To recieve a file from the NXT on your host machine, start up your terminal emulator and load the following example code into your NXT:
p = ""
i = 0
repeat
s = nxt.XMODEMSend(p)
if( s ) then
if i == 256 then
p = nil
else
p = string.rep( string.char(i), 128 )
i = i + 1
end
end
until s == nil
Now start your XMODEM file transfer from the terminal emulator on your host and specify a file name to recieve the data to. It should take about 4 seconds to transfer all 32K of the data to your host machine. You can open the file with a text editor capable of displaying binary data to look at the data.

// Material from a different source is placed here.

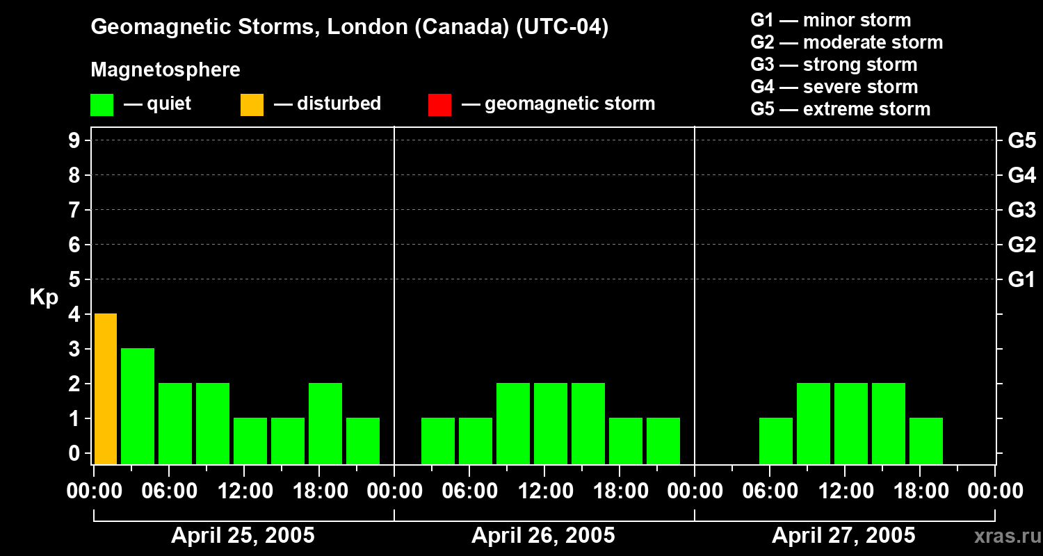 Geomagnetic storms in London (Canada) — Apr 27, 2005

Let’s try another example – this time we’ll dump the entire contents of the FLASH memory of the NXT to a file!
p = ""
addr = 0x100000
repeat
local s = nxt.XMODEMSend(p)
if( s ) then
if addr >= 0x140000 then
p = nil
else
p = nxt.MemRead(addr,128)
addr = addr + 128
end
end
until s == nil
Again, start the XMODEM receive function and specify a name for the file. On my test machine, I managed to get over 24KB per second transferred from the NXT to the host!

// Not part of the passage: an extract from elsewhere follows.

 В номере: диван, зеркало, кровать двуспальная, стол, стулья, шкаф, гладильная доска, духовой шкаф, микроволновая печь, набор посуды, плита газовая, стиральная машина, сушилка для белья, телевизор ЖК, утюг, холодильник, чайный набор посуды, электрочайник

This brings up a very neat application, namely logging data to a file right on your PC using XMODEM data transfer.
HighSpeed Datalogging
As a demonstration of how we can use XMODEM data transfer for very hight speed datalogging, let’s connect the light sensor to the NXT and log data as fast as we possibly can.
For this experiment, we’ll sample the light sensor and print its value along with the current timestamp to a string. When the string is more than 128 bytes long, we’ll fire it off to the XMODEM protocol, lopp off the the first 128 bytes and then generate more data until we have 128 bytes again.

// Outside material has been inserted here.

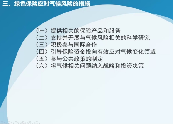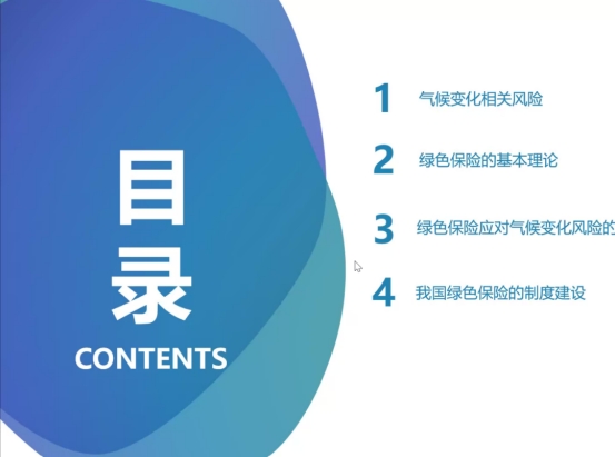 本次讲座分为气候变化相关风险、绿色保险的基本理论、绿色保险应对气候变化风险的功能、我国绿色保险的制度建设四个部分。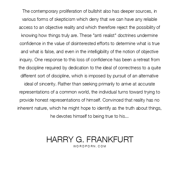 The contemporary proliferation of bullshit also has deeper sources, in various forms of skepticism which deny that we can have any reliable access to an objective reality and which therefore reject the possibility of knowing how things truly are. These "anti-realist" doctrines undermine confidence in the value of disinterested efforts to determine what is true and what is false, and even in the intelligibility of the notion of objective inquiry. One response to this loss of confidence has been a retreat from the discipline required by dedication to the ideal of correctness to a quite different sort of discipline, which is imposed by pursuit of an alternative ideal of sincerity. Rather than seeking primarily to arrive at accurate representations of a common world, the individual turns toward trying to provide honest representations of himself. Convinced that reality has no inherent nature, which he might hope to identify as the truth about things, he devotes himself to being true to his own nature. It is as though he decides that since it makes no sense to try to be true to the facts, he must therefore try instead to be true to himself.But it is preposterous to imagine that we ourselves are determinate, and hence susceptible both to correct and to incorrect descriptions, while supposing that the ascription of determinacy to anything else has been exposed as a mistake. As conscious beings, we exist only in response to other things, and we cannot know ourselves at all without knowing them. Moreover, there is nothing in theory, and certainly nothing in experience, to support the extraordinary judgment that it is the truth about himself that is the easiest for a person to know. Facts about ourselves are not peculiarly solid and resistant to skeptical dissolution. Our natures are, indeed, elusively insubstantial -- notoriously less stable and less inherent than the natures of other things. And insofar as this is the case, sincerity itself is bullshit

We’ll do this for 10 seconds or so. Note that this is not the most effective way to do things. A future tutorial will address this producer/consumer issue and present a solution using coroutines – the build in multi-tasking feature of Lua.
Here’s the sample code:
-- Function to set up the light sensor and then start transferring data
-- to the host as quickly as possible. Call the function, then start the
-- XMOPDEM transfer on the host, and then press the orange button to
-- start the sampling...
function LogLight( port )
-- Set up the light sensor on port 1 for passive mode
nxt.InputSetType(port,0)
nxt.InputSetState(port,0,0)
nxt.InputSetDir(port,1,1)
repeat
-- Wait here until the orange button is pressed
until( 8 == nxt.ButtonRead() )
local startTicks = nxt.TimerRead()
local sampleTick = startTicks
local p = ""
local d = ""
local s = true
repeat
local nowTicks = nxt.TimerRead()
-- Grab a light sensor sample and add it to our string if
-- at least 3 milliseconds have passed and we're still sending
if (sampleTick + 3 <= nowTicks) and (p ~= nil) then
d = d .. string.format( "%06i %06i\r\n", nowTicks, nxt.InputGetStatus(port) )
sampleTick = nowTicks
end
-- Only try sending if we have more than 128 bytes to send
if string.len(d) > 128 then
s = nxt.XMODEMSend(p)
if( s ) then
if startTicks + 10000 < nowTicks then
p = nil
else
p = string.sub(d,1,128)
d = string.sub(d,129)
print(p)
end
end
end
until s == nil
end
And here’s how to run it:
-- Start the high-speed datalogger LogLight(1)
The program will pause waiting for you to press the orange button, but before you do, start the XMODEM receive to a file. The NXT will fire light sensor data at the host machine as quickly as it can for 10 seconds.
If you edit the file, you’ll see something like this:
119345 000623 119348 000619 119351 000621 119354 000623 119357 000619 119360 000623 119363 000622 119366 000622 119369 000623 119372 000623 119375 000619 119378 000619
Now that’s pretty fast datalogging! I’ll bet that you can think of a LOT of really interesting experiments that could be done with pbLua in a high-school physics lab.